# AutoFem



## 225smokestack (May 7, 2009)

meant to put this here...

Has anyone dealt with these guys? Through dopeseeds? I am just curious. I am looking for the best place to order Feminized Auto's to the SE USA. They seem legit, just wondering if anyone has any experience with them. Thanks in advance.


----------



## Waspfire (May 7, 2009)

quiet a few mebers here order from them i havent personally but i to live in the southeast and i know attitude will get your beans to you


----------



## FruityBud (Jun 9, 2009)

Just looking over there site, i cant find a link to order, anybody know how to order from this seedbank?


----------



## Waspfire (Jun 9, 2009)

FruityBud said:
			
		

> Just looking over there site, i cant find a link to order, anybody know how to order from this seedbank?


 
dopeseeds.com fruity


----------



## FruityBud (Jun 9, 2009)

Thanks Waspfire.

Just checking out Dope seeds and when you are in checkout it said this:

If you are ordering from outside of the UK (which i am) the goods must be sent to the credit card holders billing address. We accept debit and credit cards but not AMEX or discovery cards.
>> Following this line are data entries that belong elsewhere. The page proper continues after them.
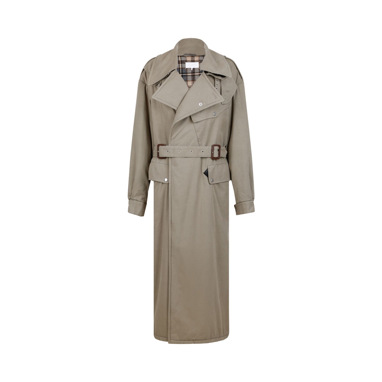 Maison Margiela Deconstructed Trench Coat. Raincoat presented in two tonal green colourway. Cut to a belted waist, the coat features flap pockets and a signature four stitch logo at the sleeve.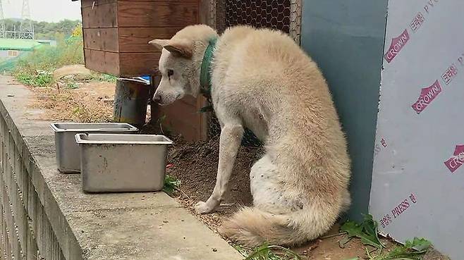 유기견이 있는 우리 안은 치우지 않은 배설물로 가득 찼고 사료통에 든 사료에는 바닥에 깔아둔 톱밥이 섞여 있습니다.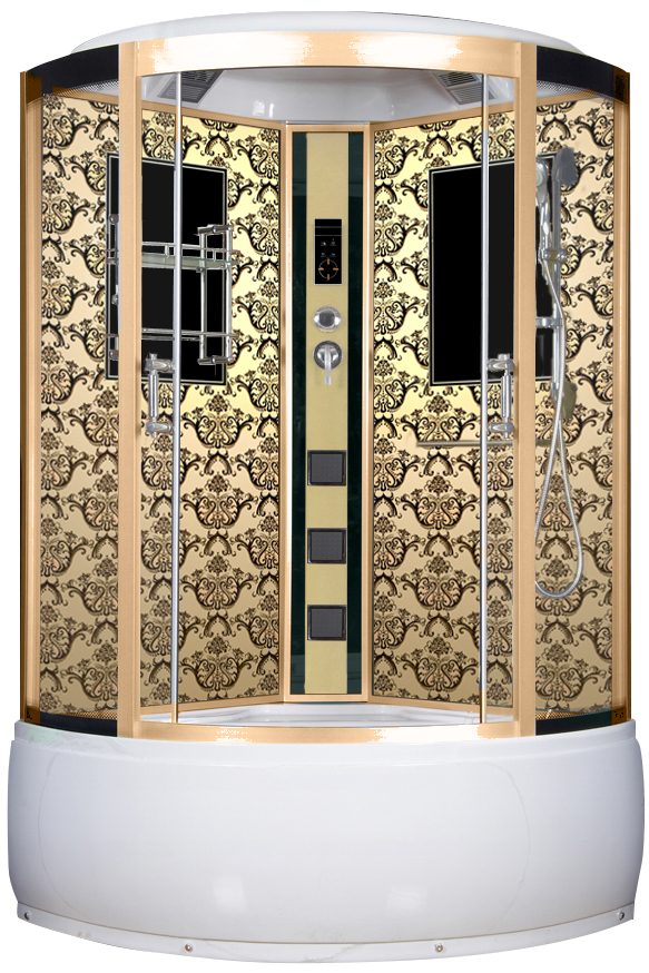 Угловая душевая кабина Niagara 7744G обладает внушительными габаритами. Она выполнена в форме четверти круга, имеет полностенное ограждение и высокий акриловый поддон. Дизайн соответствует пышному стилю барокко. В цветовом оформлении данной модели преобладает золотой цвет и его оттенки. На золотистом фоне задних стеклянных стенок контрастно нанесён темный узор в виде изысканного орнамента. Матовый профиль и душевая панель также выполнены в золотистом цвете. Раздвижные двери сделаны из прозрачного безопасного стекла и дополнены массивными металлическими ручками.
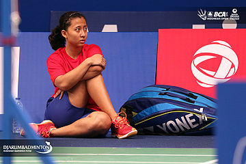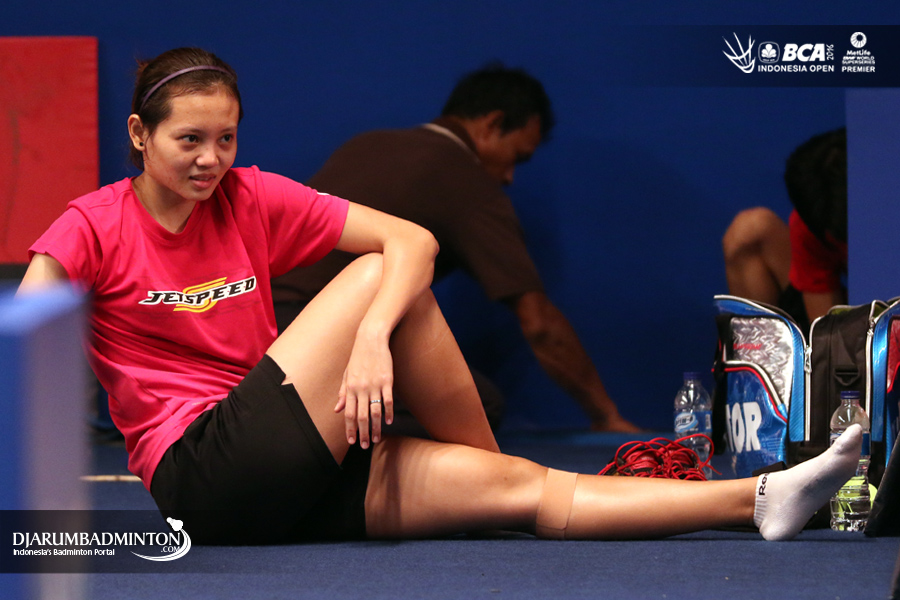 Annisa Saufika (Indonesia) melakukan pendinginan usai berlatih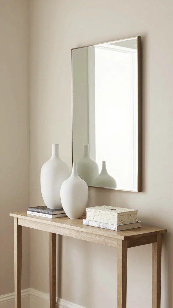 This setup not only serves as decoration but also provides a practical space for keys and mail. Choose vases that harmonize with your overall color scheme, and consider incorporating other accessories, like a plant or art piece, for added intrigue.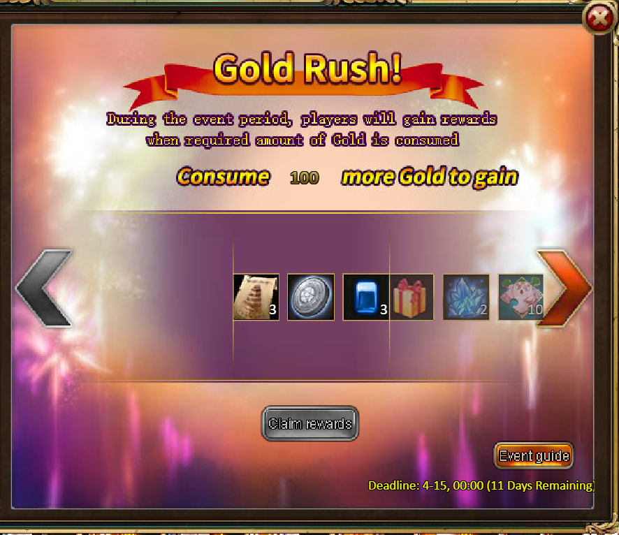 [u]Consume 100 gold coins: Tower Ticket*3, Silver*10,000, Rare Gem*3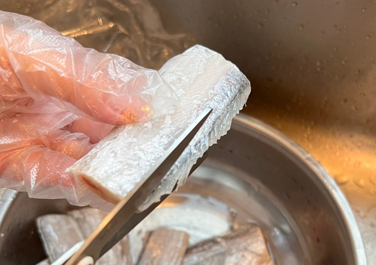 鱼鳍直接用手扯开就可以了,冷冻的话,用剪刀剪掉。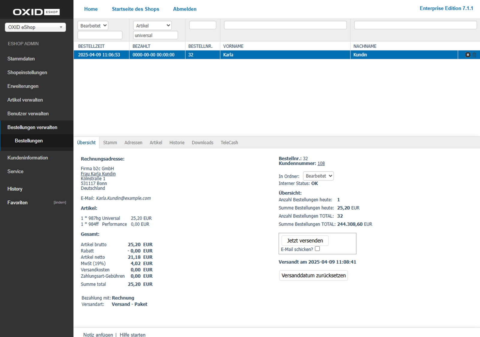 Gleichzeitig wird der Shopbetreiber per E-Mail über den Auftrag informiert.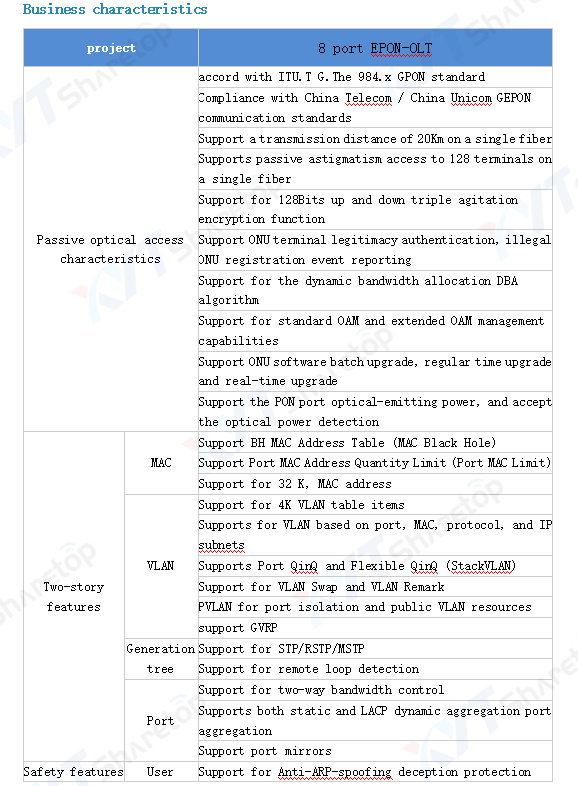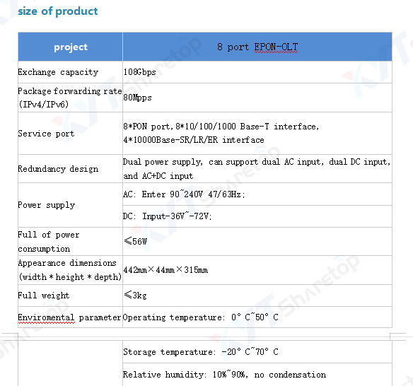 8-port EPON-OLT is a cassette GPON-OLT exchange device developed by Shenzhen Sharetop Technology Co., Ltd., providing 8 downside EPON ports, 4 uplink GE optical ports+4 upside GE ports, with an extended slot that can be connected to 210,000 megabytes SFP+ ports.Height is only 1U, easy installation and maintenance, save space.With industry advanced technology, strong capabilities and QoS guarantee in the Ethernet business, the support for SLA and DBA.The optical ratio of 1:128 supports the hybrid network of different types of ONU, minimizing the investment of operators.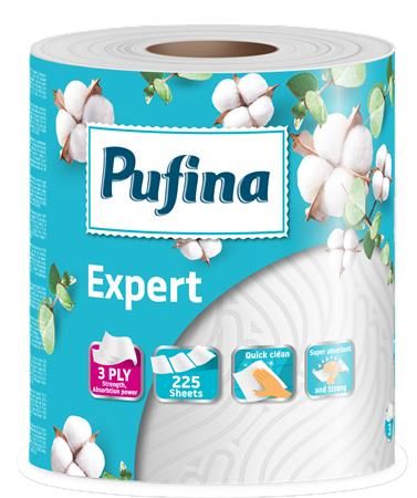 Papierové utierky, 3-vrstvové, 225 listov, 1 kotúč, PUFINA "Expert"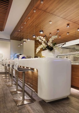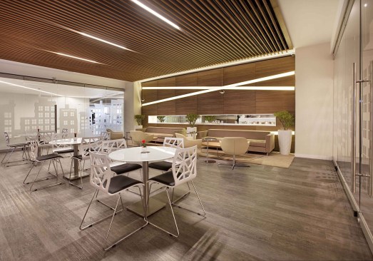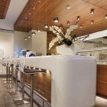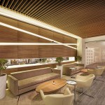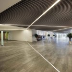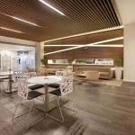Boytorun Architects, in addition to Passage Cafe, located at a point very close to the elevators and nested with the showrooms on the entrance floor of the building, also designed the common circulation spaces on the entrance floor in Süzer Plaza. In order to break the monotony of the corridors stretching out in a single piece, by means of the linear light lines mounted on the suspended ceiling, both the circulation axis have been defined and vitality has been created in the common areas. The linear trails of the lighting in the common area, which has gained a dynamic style through such an effective lighting, has also been reflected in the interior design of Passage Cafe.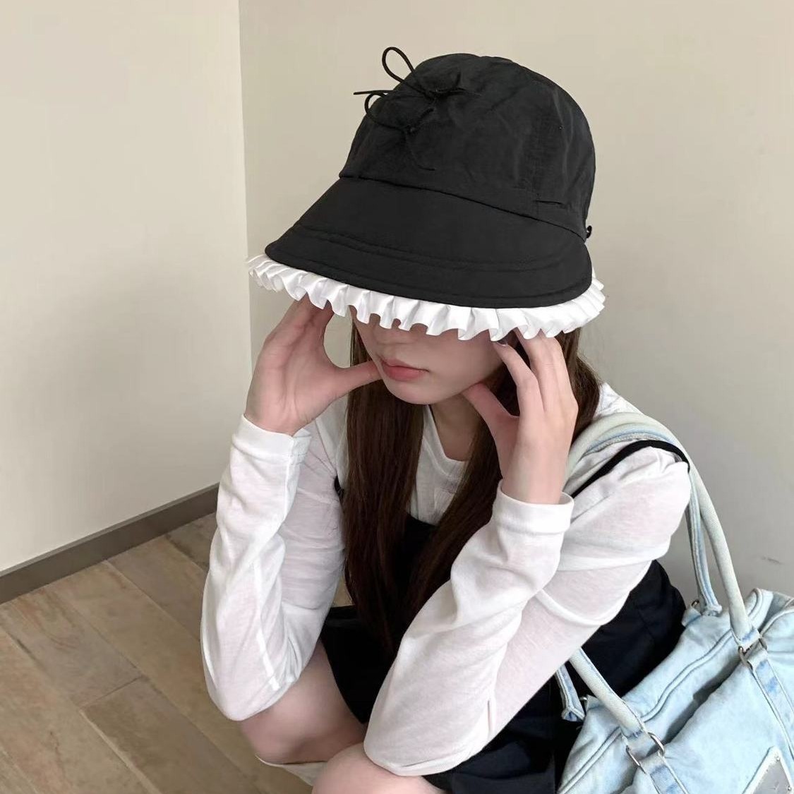 夏季韩国新款可爱韩系速蝴蝶结遮阳帽花边防晒显脸渔夫帽薄款遮阳

The problem is I cant send them to the holders billing address, has anyone used Dope seeds and got there seeds sent to another address besides the holders billing address?


----------



## chocho (Jul 11, 2009)

i used dopeseeds.com ,,,,,an they deliverd to a diffrent address to my billing address ,,,,, hope that helps


----------



## mistertee (Aug 20, 2009)

you can also get femseeds from telegrow.com and they,re cheaper therethan dopeseeds


----------



## SPEARCHUCKER (Aug 20, 2009)

5 work days to the SE. From Thursday to Tuesday is all it took.

I dont know why you would want Fem Autos. But look at Hamsters last journal. The DopeSeed personal brand does amazing and are the best priced. Couple of those are Femmed. 
They got great prices on Buddahs Dwarfs and MDanzigs brands too.


----------



## 2Dog (Aug 20, 2009)

I just bought some off of attitude you can pick and choose. pretty cool. 
I got roadrunner, moby **** and power kush in feminized autos. I got three free of these seeds with the purchase. coupon code 420 yay!


----------